- Records excerpted from a collection:
-- Opening Marker --

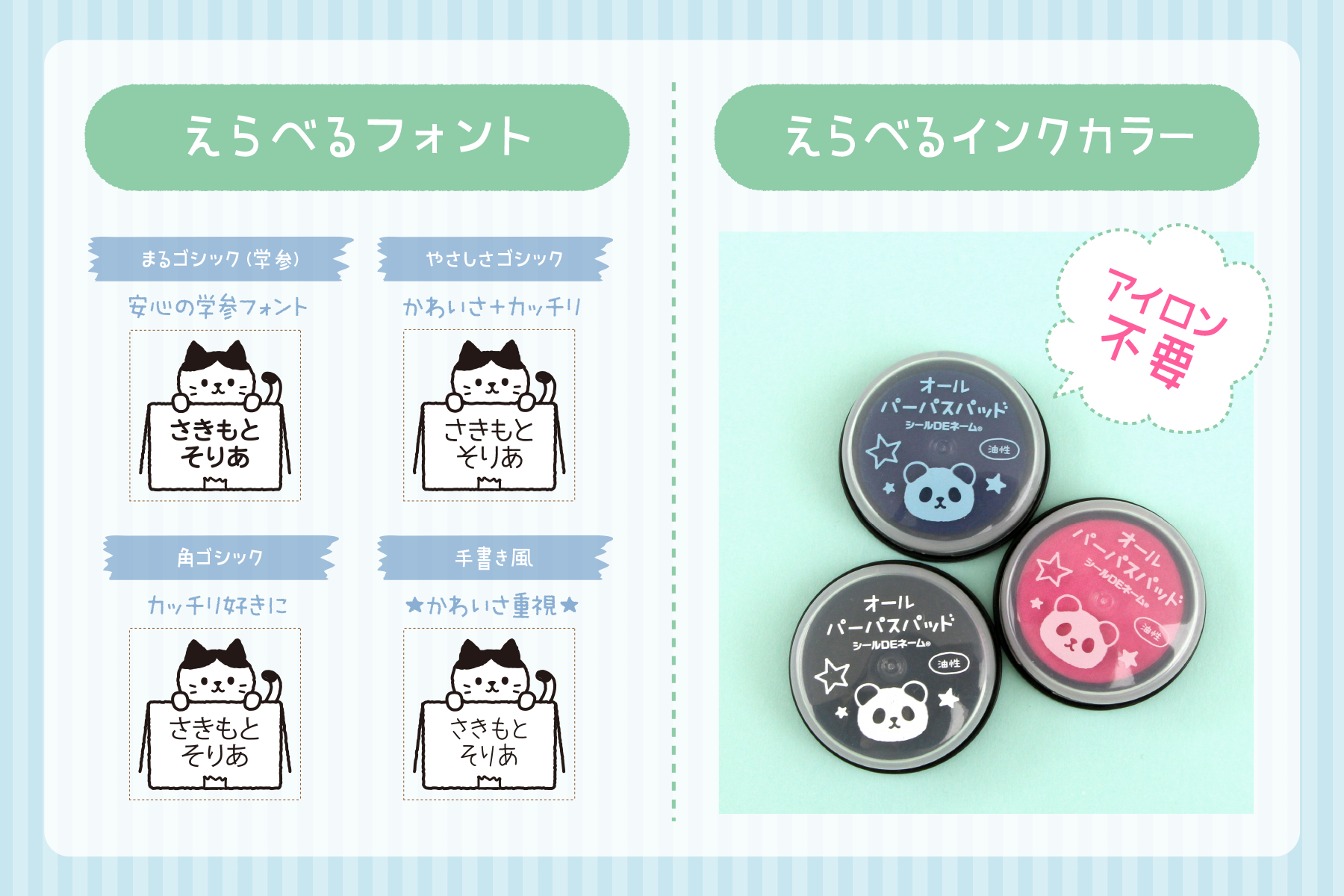 学参・旧字に対応した「丸ゴシック」からかわいい「手書き風」まで、全4種類のフォントから選ぶことができます。また、ひらがなだけではなく漢字やローマ字にも対応。付属のインクカラーも3色ご用意しておりますので、洗濯タグで目立つよう「ブルー」や「ピンク」のセレクトもオススメです。
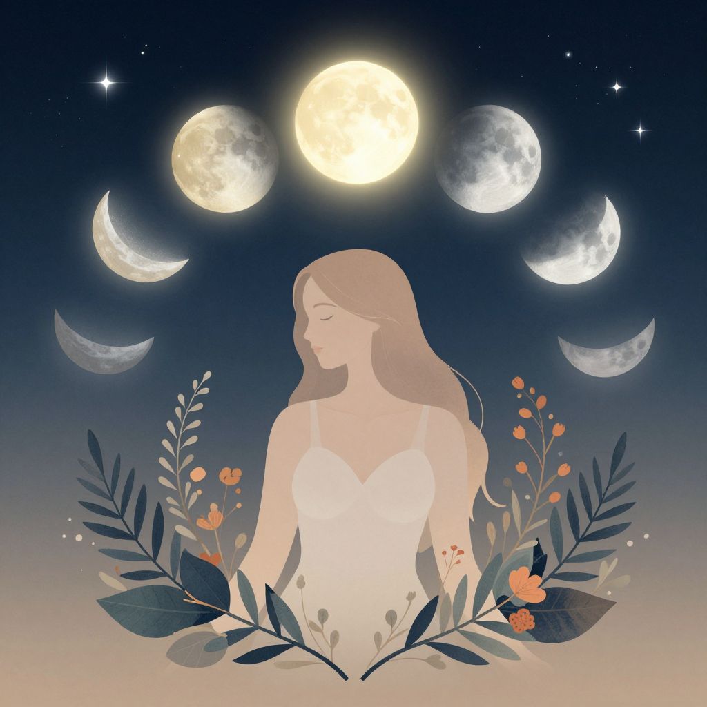 Infographic styled artistic depiction of menstrual phases as different moons in the sky, glowing softly over a gentle female silhouette surrounded by botanical elements, harmonious blend of science and spirituality, elegant and detailed
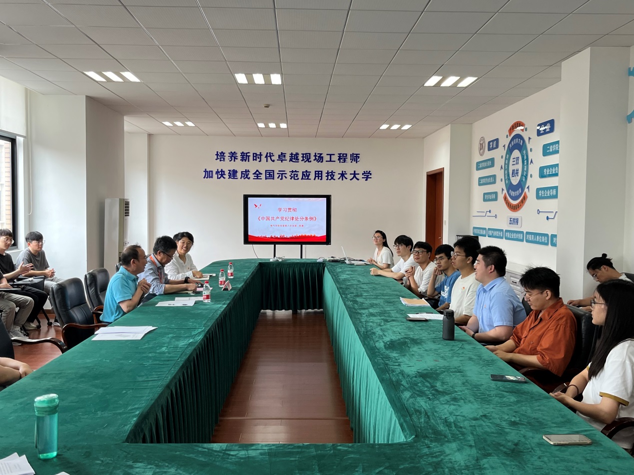 6月26日,jdb电子游戏官方网站第八党支部在电气楼410开展《中国共产党纪律处分条例》(以下简称《条例》)专题学习交流会。联系支部的校党委常委委员刘军莅临指导,学院党委书记陈国初列席参加。
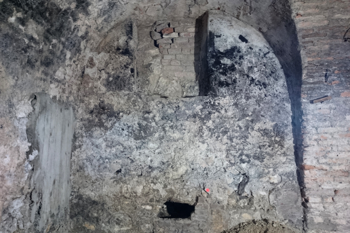 A templom fala a pincében
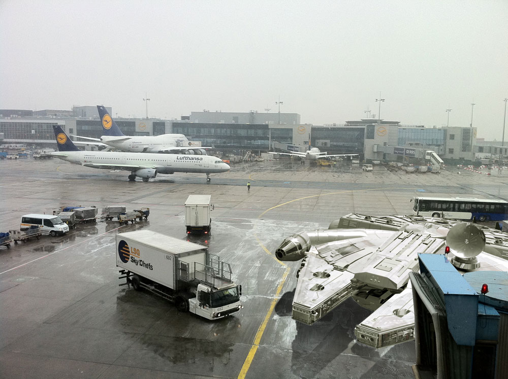Såg detta först i efterhand, när vi var på Frankfurts flygplats så stod visst Falcon där och tankades, måste ha missat det helt då.
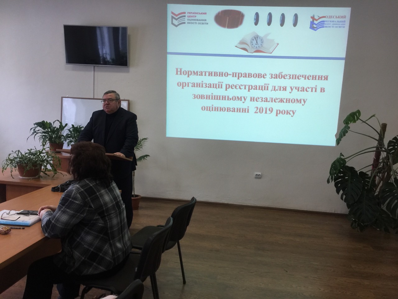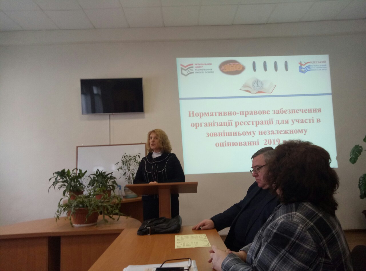 З метою ознайомлення відповідальних за формування комплектів реєстраційних документів з Нормативно-правовим забезпеченням організації реєстрації для участі в зовнішньому незалежному оцінюванні Навчально-методичний центр професійно-технічної освіти в Одеській області спільно з Департаментом освіти і науки Одеської обласної державної адміністрації та Одеським регіональним центром оцінювання якості освіти провели 28 січня 2019 року інструктивно-методичний семінар-нараду на тему «Особливості реєстрації для участі в ЗНО – 2019».
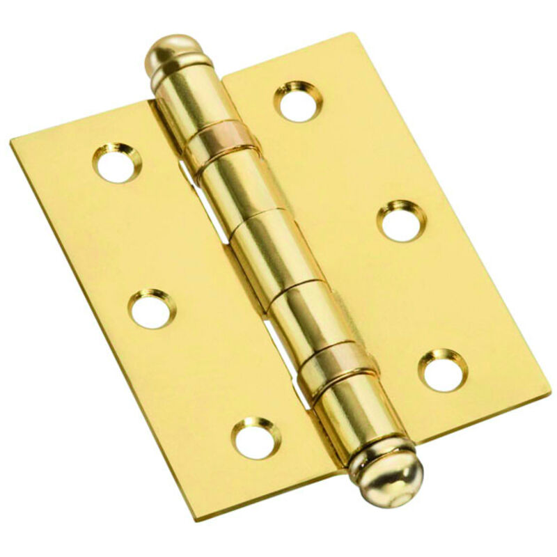 Con cuscinetti a sfera, pomolo tondo, viti, perno levabile. In Acciaio Ottonato
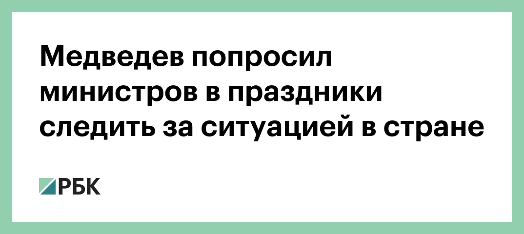 Медведев напомнил своим подчиненным, что у президента на праздниках сохранится «особый, напряженный график работы». «Правительство тоже не должно расслабляться, и в новогодние каникулы все должны следить за ситуацией в стране», — сказал премьер.
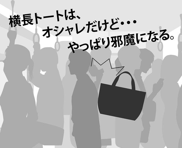 例えば、電車に座った時など隣の人にバッグが触れて気まずい思いをした経験はありませんか。Smartトートならば、一人分のシートにスッポリ収まるスマートデザインです。
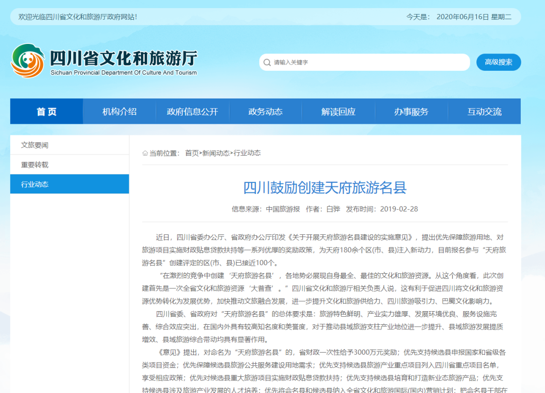 2019年2月22日,四川省文化和旅游廳召開(kāi)新聞通氣會(huì),對(duì)省委辦公廳、省政府辦公廳印發(fā)的《關(guān)于開(kāi)展天府旅游名縣建設(shè)的實(shí)施意見(jiàn)》(以下簡(jiǎn)稱《意見(jiàn)》)進(jìn)行通報(bào)并解讀。
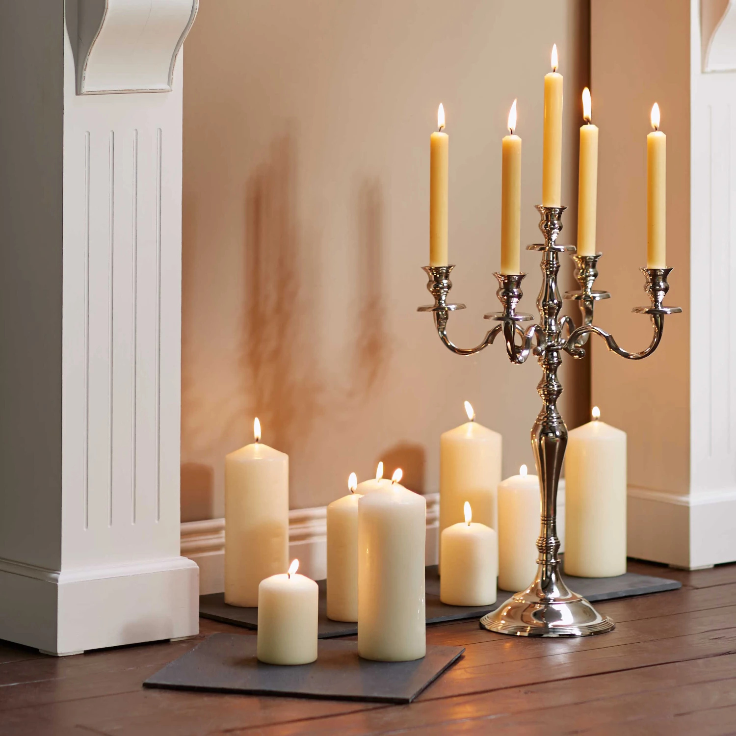 Die raue Schönheit der Natur zeigt sich in diesem schlichten Untersatz aus abgeschliffenem Schiefer. Er schützt empfindliche Tische oder Sideboards vor Kratzern, vor Hitze (z. B. von Laternen oder Kochtöpfen) und vor feuchten Ringen, die durch Flaschen und abgestellte Gläser entstehen können. Doch die Schieferplatte beweist auch bei Dekorationen viel Talent: Es können z. B. mehrere massive Stumpenkerzen auf dem Untersatz angeordnet werden. Auf der Unterseite mit weichen Füßen versehen. In weiteren Größen erhältlich.

-- Closing Marker --

- GOAL OF THE EXERCISE: Each entry above must be restated word for word; the pictures stay out of the copy.

- SOLUTION TO THIS PROBLEM:
 学参・旧字に対応した「丸ゴシック」からかわいい「手書き風」まで、全4種類のフォントから選ぶことができます。また、ひらがなだけではなく漢字やローマ字にも対応。付属のインクカラーも3色ご用意しておりますので、洗濯タグで目立つよう「ブルー」や「ピンク」のセレクトもオススメです。
 Infographic styled artistic depiction of menstrual phases as different moons in the sky, glowing softly over a gentle female silhouette surrounded by botanical elements, harmonious blend of science and spirituality, elegant and detailed
 6月26日,jdb电子游戏官方网站第八党支部在电气楼410开展《中国共产党纪律处分条例》(以下简称《条例》)专题学习交流会。联系支部的校党委常委委员刘军莅临指导,学院党委书记陈国初列席参加。
 A templom fala a pincében
Såg detta först i efterhand, när vi var på Frankfurts flygplats så stod visst Falcon där och tankades, måste ha missat det helt då.
 З метою ознайомлення відповідальних за формування комплектів реєстраційних документів з Нормативно-правовим забезпеченням організації реєстрації для участі в зовнішньому незалежному оцінюванні Навчально-методичний центр професійно-технічної освіти в Одеській області спільно з Департаментом освіти і науки Одеської обласної державної адміністрації та Одеським регіональним центром оцінювання якості освіти провели 28 січня 2019 року інструктивно-методичний семінар-нараду на тему «Особливості реєстрації для участі в ЗНО – 2019».
 Con cuscinetti a sfera, pomolo tondo, viti, perno levabile. In Acciaio Ottonato
 Медведев напомнил своим подчиненным, что у президента на праздниках сохранится «особый, напряженный график работы». «Правительство тоже не должно расслабляться, и в новогодние каникулы все должны следить за ситуацией в стране», — сказал премьер.
 例えば、電車に座った時など隣の人にバッグが触れて気まずい思いをした経験はありませんか。Smartトートならば、一人分のシートにスッポリ収まるスマートデザインです。
 2019年2月22日,四川省文化和旅游廳召開(kāi)新聞通氣會(huì),對(duì)省委辦公廳、省政府辦公廳印發(fā)的《關(guān)于開(kāi)展天府旅游名縣建設(shè)的實(shí)施意見(jiàn)》(以下簡(jiǎn)稱《意見(jiàn)》)進(jìn)行通報(bào)并解讀。
 Die raue Schönheit der Natur zeigt sich in diesem schlichten Untersatz aus abgeschliffenem Schiefer. Er schützt empfindliche Tische oder Sideboards vor Kratzern, vor Hitze (z. B. von Laternen oder Kochtöpfen) und vor feuchten Ringen, die durch Flaschen und abgestellte Gläser entstehen können. Doch die Schieferplatte beweist auch bei Dekorationen viel Talent: Es können z. B. mehrere massive Stumpenkerzen auf dem Untersatz angeordnet werden. Auf der Unterseite mit weichen Füßen versehen. In weiteren Größen erhältlich.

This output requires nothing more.